What you need to do
Give back the data below word for word. Any image in it should be left out.
** Dataset content follows **
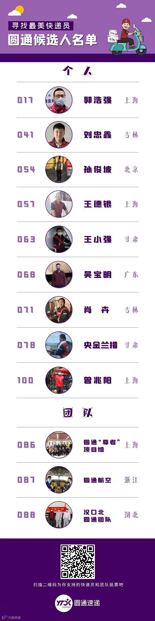 目前,有12名圆通个人/团队入围,扫码进入投票页面,为圆通加油!
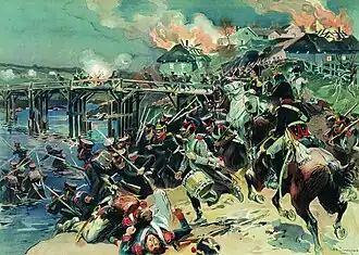 On 22 August 1812 a Russian attack took place on the right wing of the Prussians at Dahlenkirchen and Olai, and at the same time on the left wing at Schlock and St.Annen. On the right wing, Colonel Horn was completely surprised, and after some resistance he had to retreat. Ultimately, the Prussians were able to stop the attacks, but they gave up Dahlenkirchen because they could not defend it.[2]
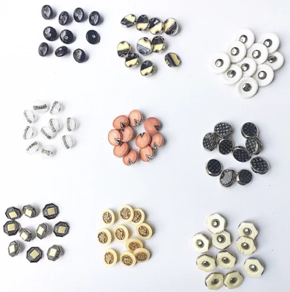 - Có chất liệu được làm bằng hợp kim hoặc sắt, để tạo ra từng chiếc nút khác nhau thì yêu cầu phải có khuông mẫu khác nhau, sau khi ép ra phôi nút kim loại thì nút áo sẽ được xử lí xi mạ hoặc phun sơn tĩnh điện
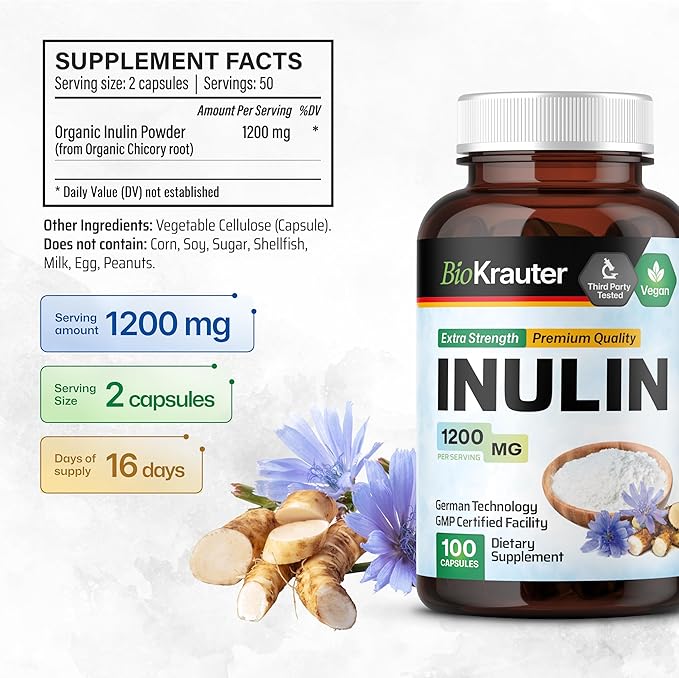 • Extracted from Nature: Our fiber powder supplements are extracted from chicory root fiber, ensuring they are derived from natural sources and free from GMOs. Additionally, we use vegetable cellulose for BioKrauter inulin capsules, making them vegan.
** End of Dataset content **
Exercise response
 目前,有12名圆通个人/团队入围,扫码进入投票页面,为圆通加油!
 On 22 August 1812 a Russian attack took place on the right wing of the Prussians at Dahlenkirchen and Olai, and at the same time on the left wing at Schlock and St.Annen. On the right wing, Colonel Horn was completely surprised, and after some resistance he had to retreat. Ultimately, the Prussians were able to stop the attacks, but they gave up Dahlenkirchen because they could not defend it.[2]
 - Có chất liệu được làm bằng hợp kim hoặc sắt, để tạo ra từng chiếc nút khác nhau thì yêu cầu phải có khuông mẫu khác nhau, sau khi ép ra phôi nút kim loại thì nút áo sẽ được xử lí xi mạ hoặc phun sơn tĩnh điện
 • Extracted from Nature: Our fiber powder supplements are extracted from chicory root fiber, ensuring they are derived from natural sources and free from GMOs. Additionally, we use vegetable cellulose for BioKrauter inulin capsules, making them vegan.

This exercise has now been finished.